The Creative Class
So I finally bought Richard Florida's book, The Rise of the Creative Class: And How It's Transforming Work, Leisure, Community and Everyday Life, to read in full rather than having just read excerpts and reviews of it when it first came out.
And I bought it at a real-life, local bookstore. A few months ago I had read a sign at Keplers in Menlo Park which urged customers to buy where they shop. Meaning, don't check out books at your local bookstore and then head home to buy them online at Amazon for a significant discount. Not if you want those local bookstores to still be around in the long term, bookstores where you can go browse and read and feel the books in your hands.
Talking of signs, driving into San Francisco last week, I came off Hwy 101 into the city and found myself waiting for the light to change. Waiting quite a bit since the offramp backs up as the city redos one of the main exits and turns a street off Market (adjacent to the LGBT Community Center) into a boulevard that goes thru Hayes Valley.

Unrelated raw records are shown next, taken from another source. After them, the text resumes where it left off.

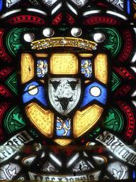 | Keywords: RolleArmsWithWalrondInescutcheonBictonChurch.JPG Stained glass armorial Baron Rolle memorial window north transept Bicton Church built 1850 The arms are Rolle with an inescutcheon of pretence of Walrond Argent a chevron between three bull's heads affronte sable This marshalling indicates that Judith Walrond was the sole heiress of her father and that the Walrond lands had descended to Rolle own photo stained glass 1850; photo March 2012 unknown artist John Rolle 1st Baron Rolle Rolle arm Walrond arms |
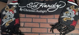 Ed Hardy By Christian Audigier-2000s Death Or Glory Vtg Bufanda Negra ~ sin Usar
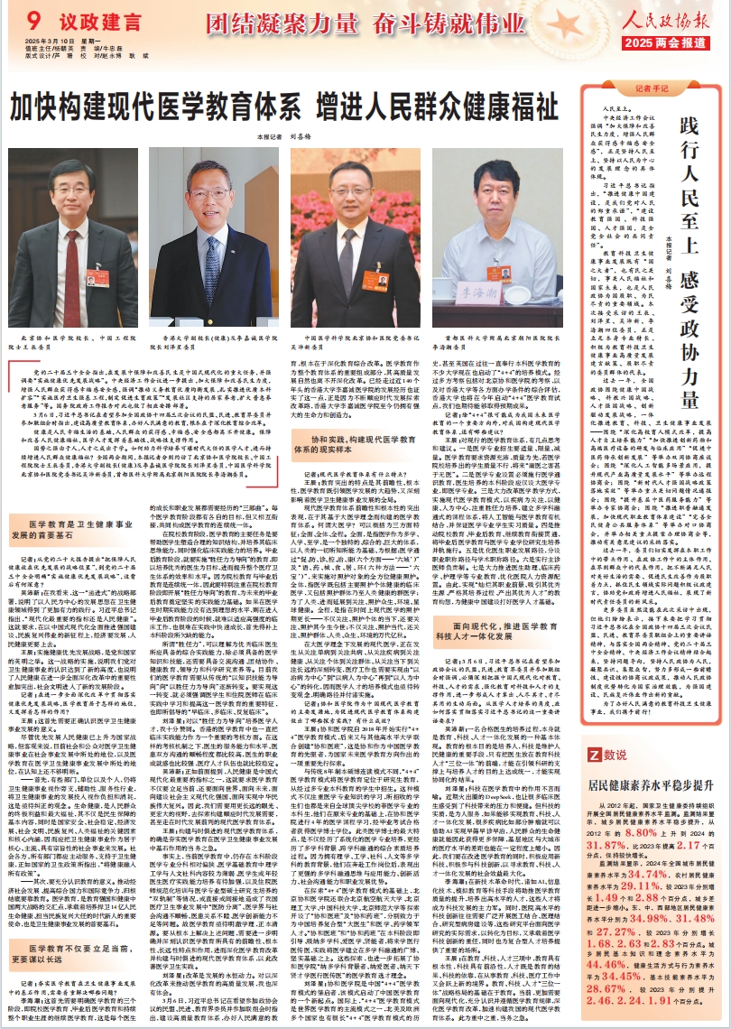 【两会视点】人民政协报|加快构建现代医学教育体系 增进人民群众健康福祉
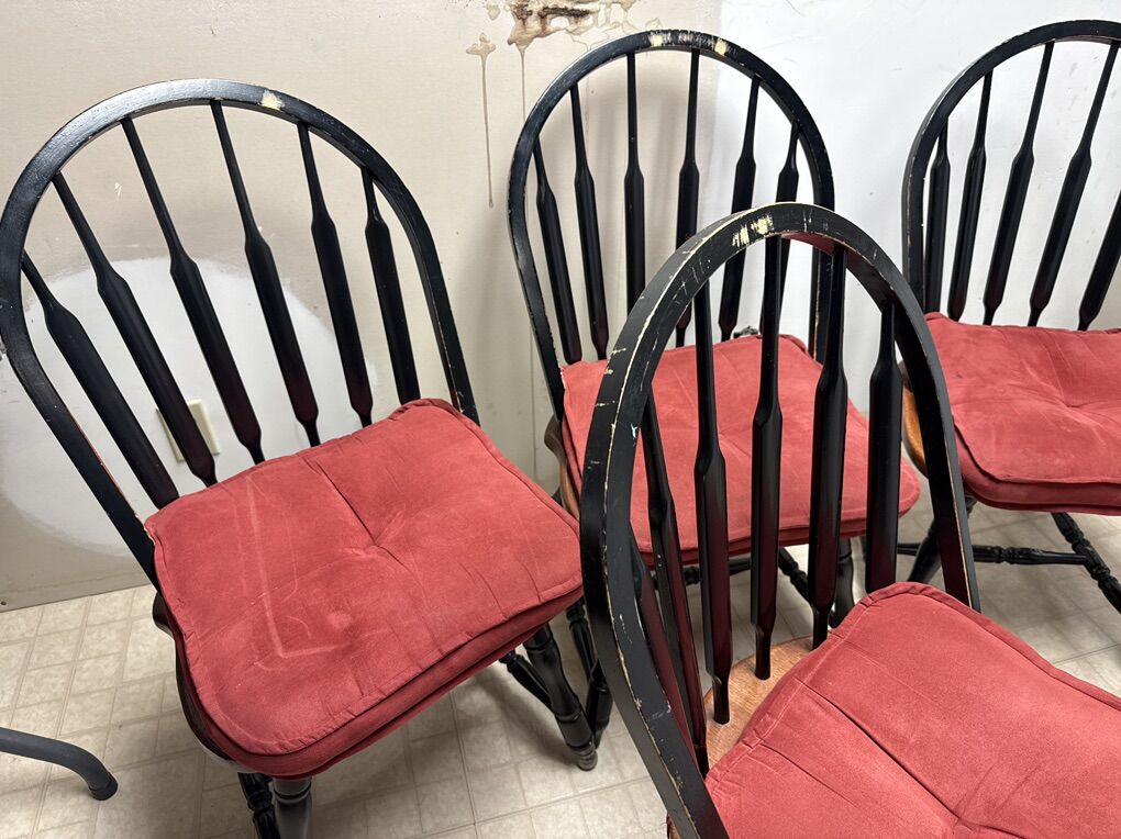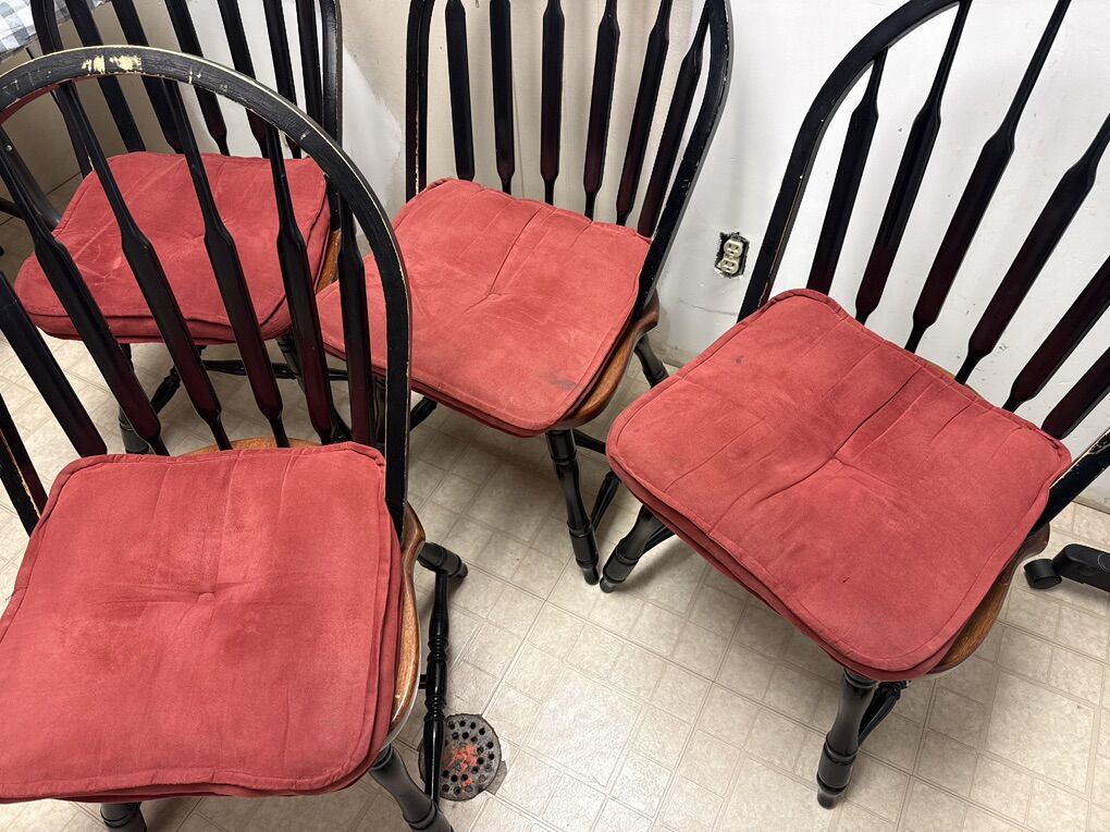 If you don’t mind the scuff - this is a good set of 4 matching wooden dining chairs with cushions that are tied in the back. Some are a little wobbly but for the most part are sturdy.
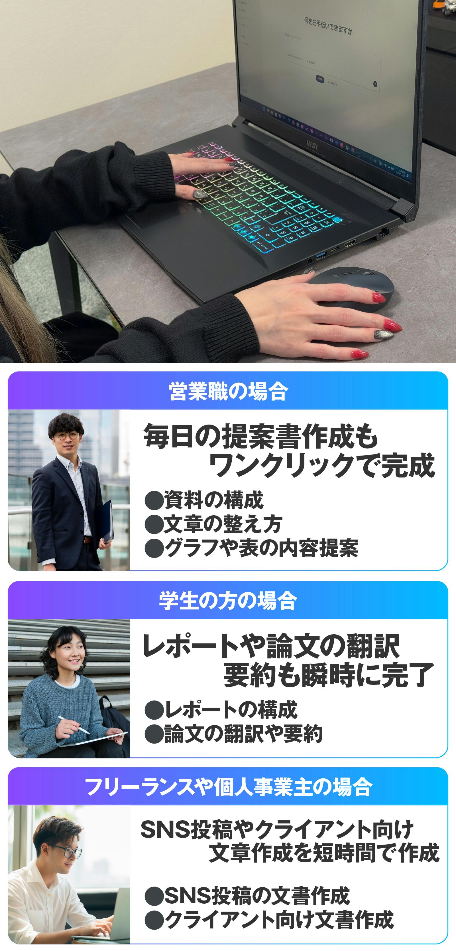 学生ならレポート作成や英語論文翻訳がスムーズに。主婦層なら、子どもの宿題や家庭文書の整理もサクサク完了。フリーランスならクライアント向け提案書も即座に仕上げられます。
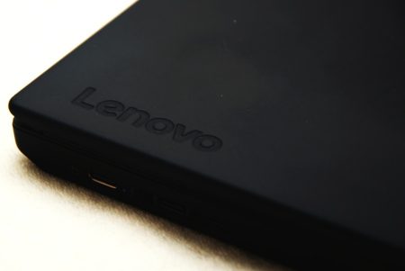 Na první pohled notebook nevyčnívá z řad černých Thinkpad notebooků. Vše se ale změní při prvním kontaktu po otevření. Víko notebooku má speciální povrchovou úpravu, díky které okamžitě získáte pocit, že držíte něco výjimečného. Víko je sice tenké, ale natolik pevné, že se nijak dramaticky nevlní, neohýbá a je vidět jeho velice kvalitní zpracování. Na horním víku také nalezneme dvě loga, první je klasické logo Thinkpad s diodou signalizující zapnutý notebook, které je krásně zapuštěné, takže nehrozí jeho poškrábání nebo sloupnutí. V protilehlém rohu je i logo Lenovo, které je zde vytvořeno plastickým prohloubením písmen, což také působí velice vkusně a neruší to nijak vzhled notebooku. Navíc vypadá opravdu povedeně. Zadní straně vévodí několik skupin větracích otvorů pro dobrý odvod vzduchu z chladícího systému . Dále najdeme ve spodní čísti také jednu ze dvou baterií.
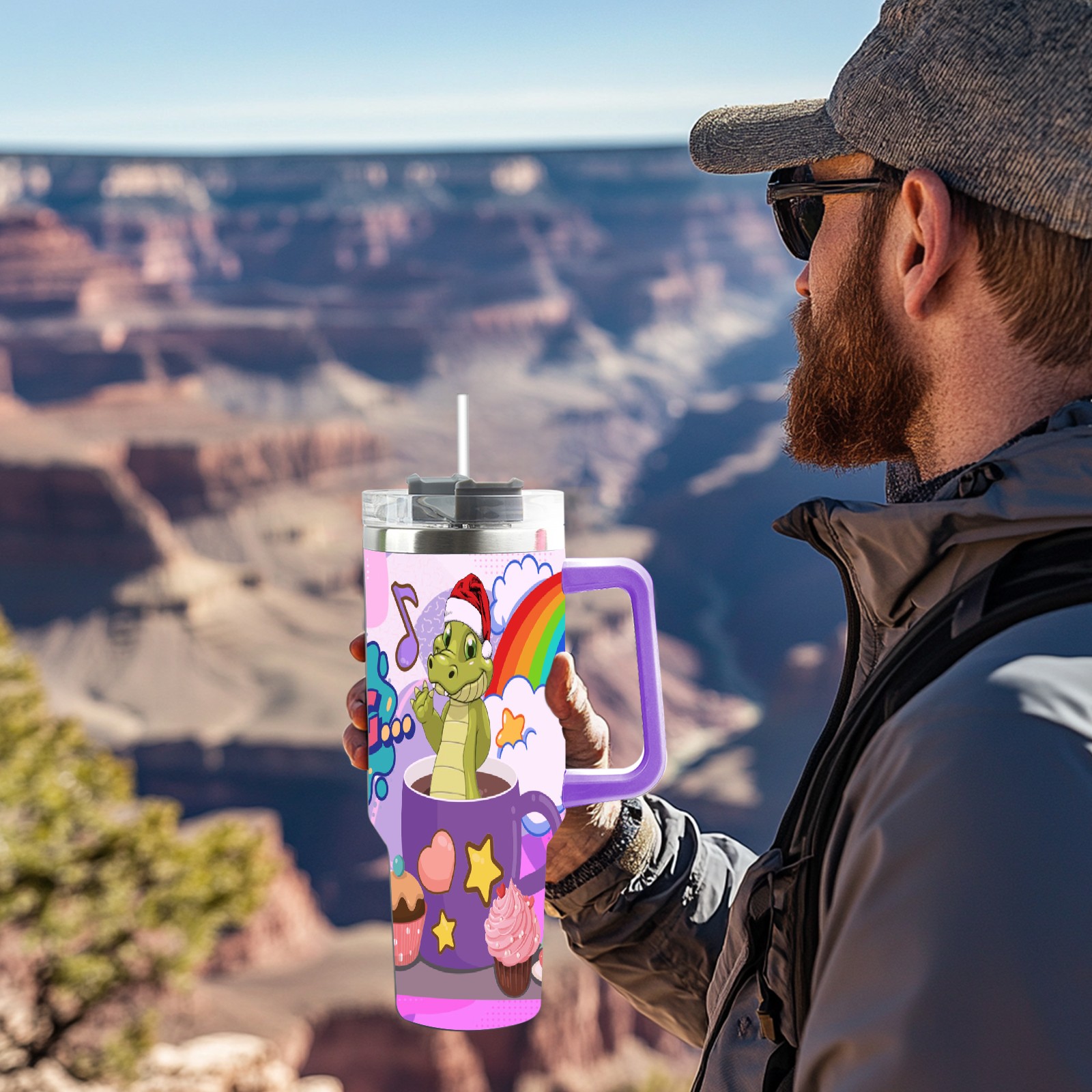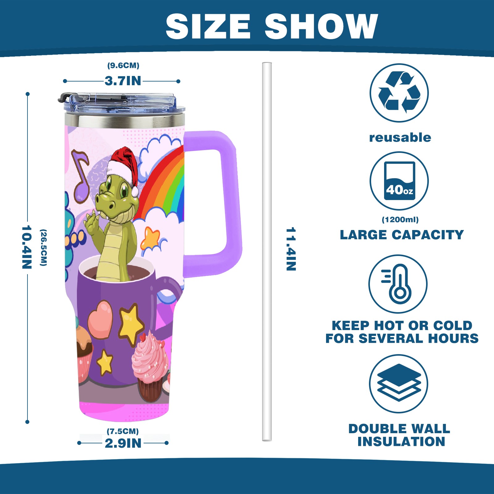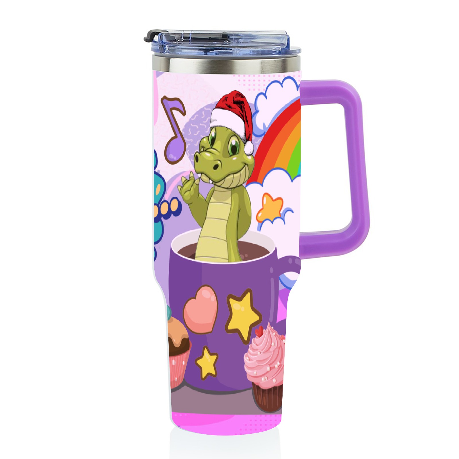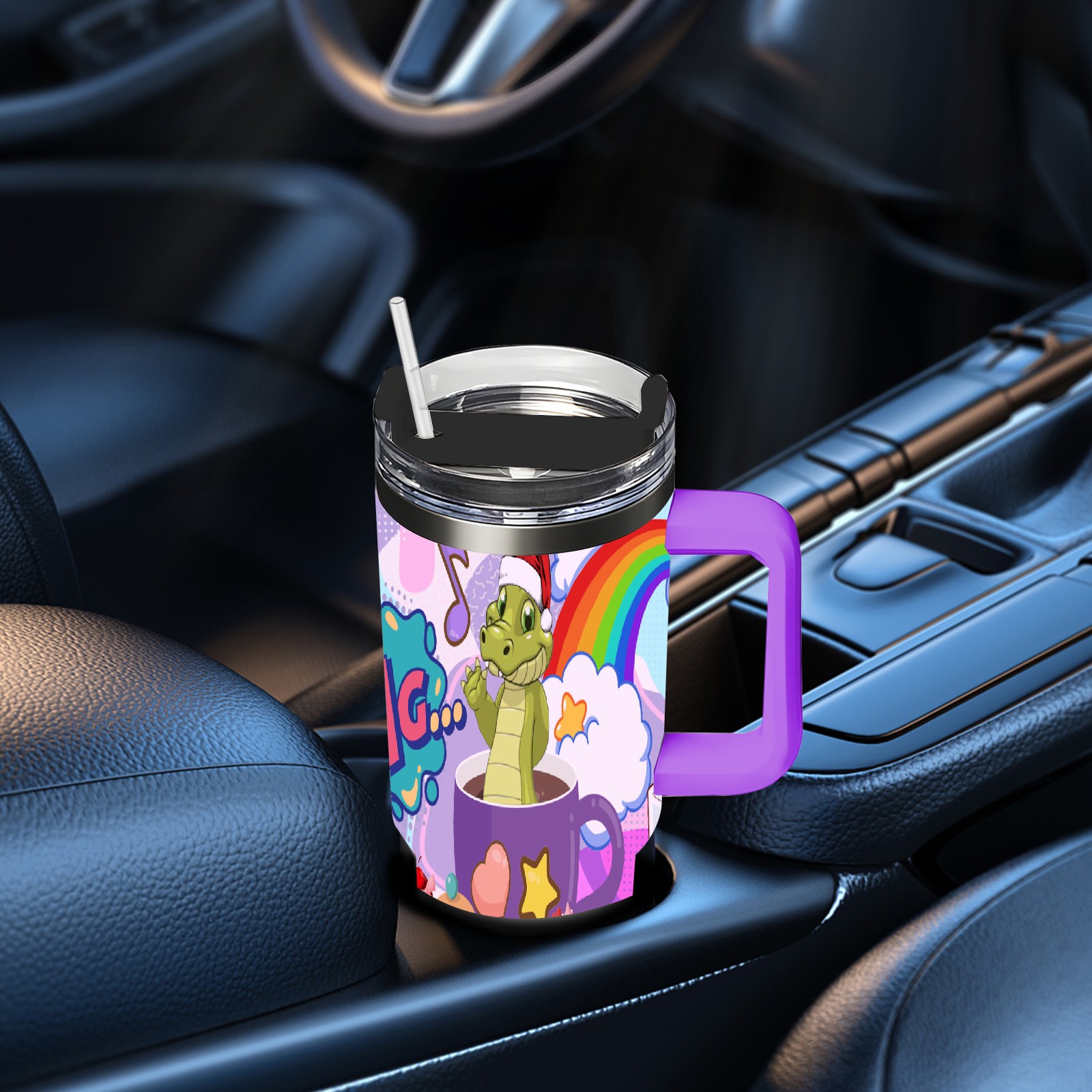 40oz 茶杯恐龙2 thermos with lid and straw, leak-proof stainless steel, with handle, spill-proof bottle, convenient for travel(purple)
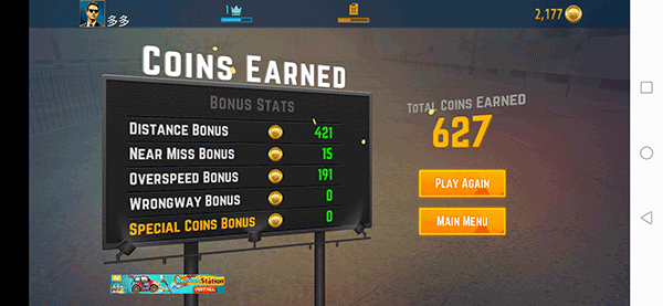 若不慎失败,可选择重新再来(play again),也能返回主菜单(main menu)。要是多次失败,就需给自己加油打气啦。此时,你既可以点击左边的按钮,通过观看广告来获取助力,也能够选择氪金加油。
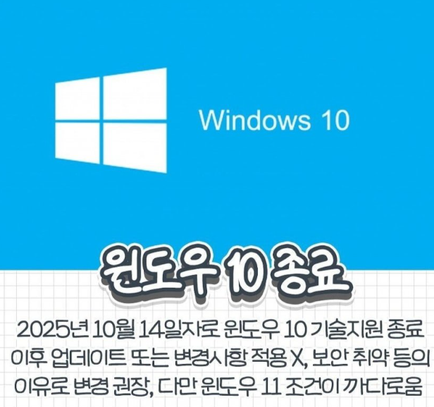 마지막 운영체제라는 윈도우 10이 종료됩니다. 25년 10월 14일자로 기술지원이 종료되는데요.
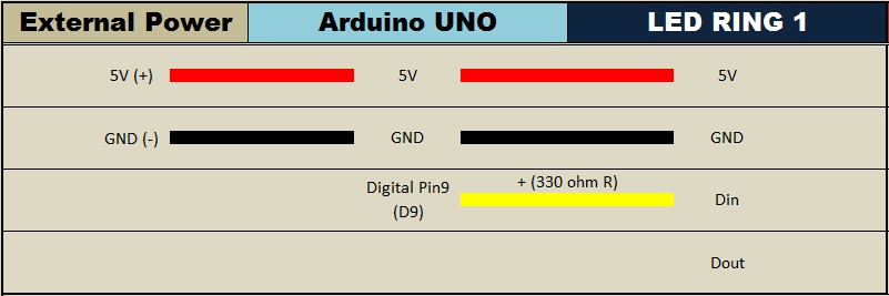 Adafruit is to place a "300 to 500 Ohm resistor" between the Arduino's data pin and the data input on the first NeoPixel to prevent voltage spikes that can damage the first pixel. I used a 330 Ohm resistor.
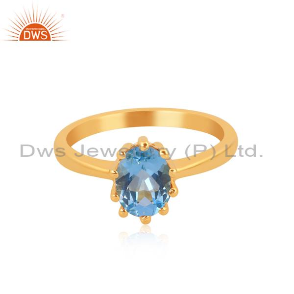 Blue Topaz Gold Plated Engagement Ring - Elegant & Timeless
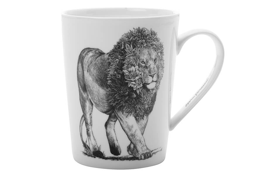 Красивая фарфоровая кружка с современным дизайном. Фон белый, в центре в монохромных тонах изображен идущий лев.
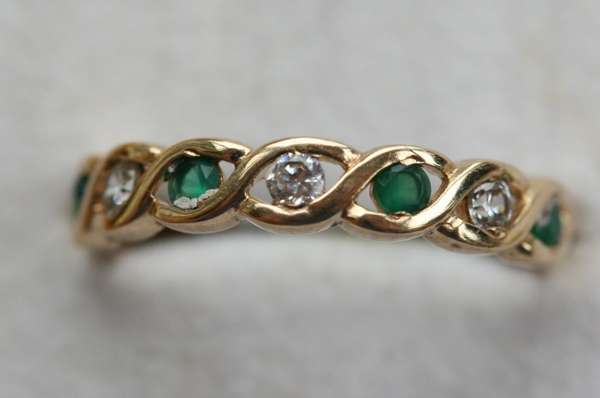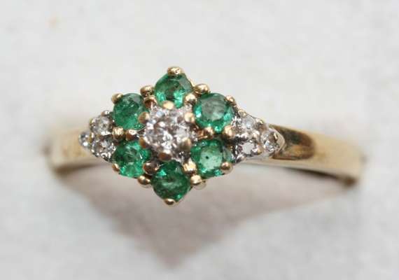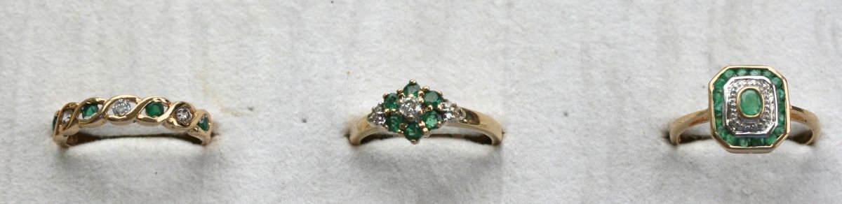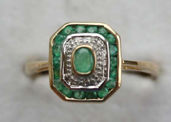 the first of art deco style, rectangular setting with central oval collet set emerald and diamond set inner border with outer border of circular cut emeralds, a diamond and emerald plain cluster ring, a half hoop eternity ring set alternating emeralds and diamonds, all set in gold
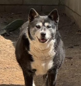 Pet Description:Black dog with white chest & some white on her face. Beginning to grey. Short but very wide. She's very overweight. Her owner just died & she's lost, no pun intended. Do not chase. |
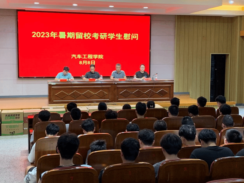 为激励学生坚定考研信心,保持学习热情,制定科学的考研备考计划,8月8日上午,汽车工程学院在机械馆报告厅开展考研学子暑期慰问活动。学院党总支书记杨军、副院长熊新、院长助理郑竹安、学工办负责人、2020级辅导员及全体在校考研学生参加了慰问活动。活动由党总支副书记姜华主持。
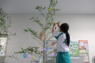 今年も7月5日~7月9日の間、体育館ロビーに笹と短冊を設置しました。
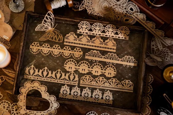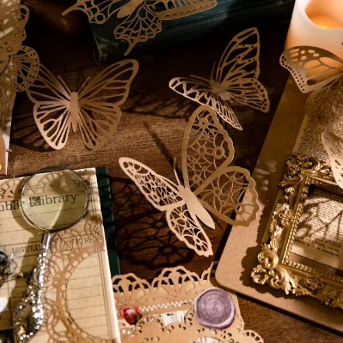 Díky detailnímu provedení s motýly a květinovými vzory se stanou krásným doplňkem každé stránky, přání nebo alba. Papír je lehký, snadno se lepí a můžete jej kombinovat s dalšími ozdobnými prvky.
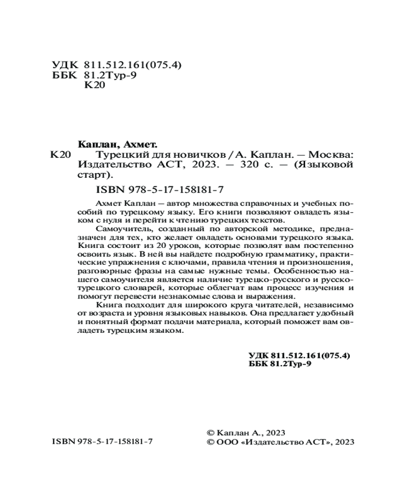 💳 Оплатить за товар можно при получении 🇰🇿 Есть бесплатная доставка по Казахстану от 1 дня 🎁 Копите бонусы с каждой покупки Серия: Языковой старт Ахмет Каплан — автор множества справочных и учебных пособий по турецкому языку. Его книги позволяют овладеть языком с нуля и перейти к чтению турецких текстов. |

So as I waited to get thru, I saw a homeless man trying to get drivers' attention with a sign. Not just any sign but a gosh-darn imaginative sign that had four different messages written on it. Two messages on each side the way he'd constructed it...as he flipped the strips every few seconds just like one of the billboards which changes as the vertical strips rotate 180 degrees. One of the messages declared:
Sometimes I do rhyme
with my creative flip sign
Only in San Francisco. Can't wait to read the Rise of the Creative Class.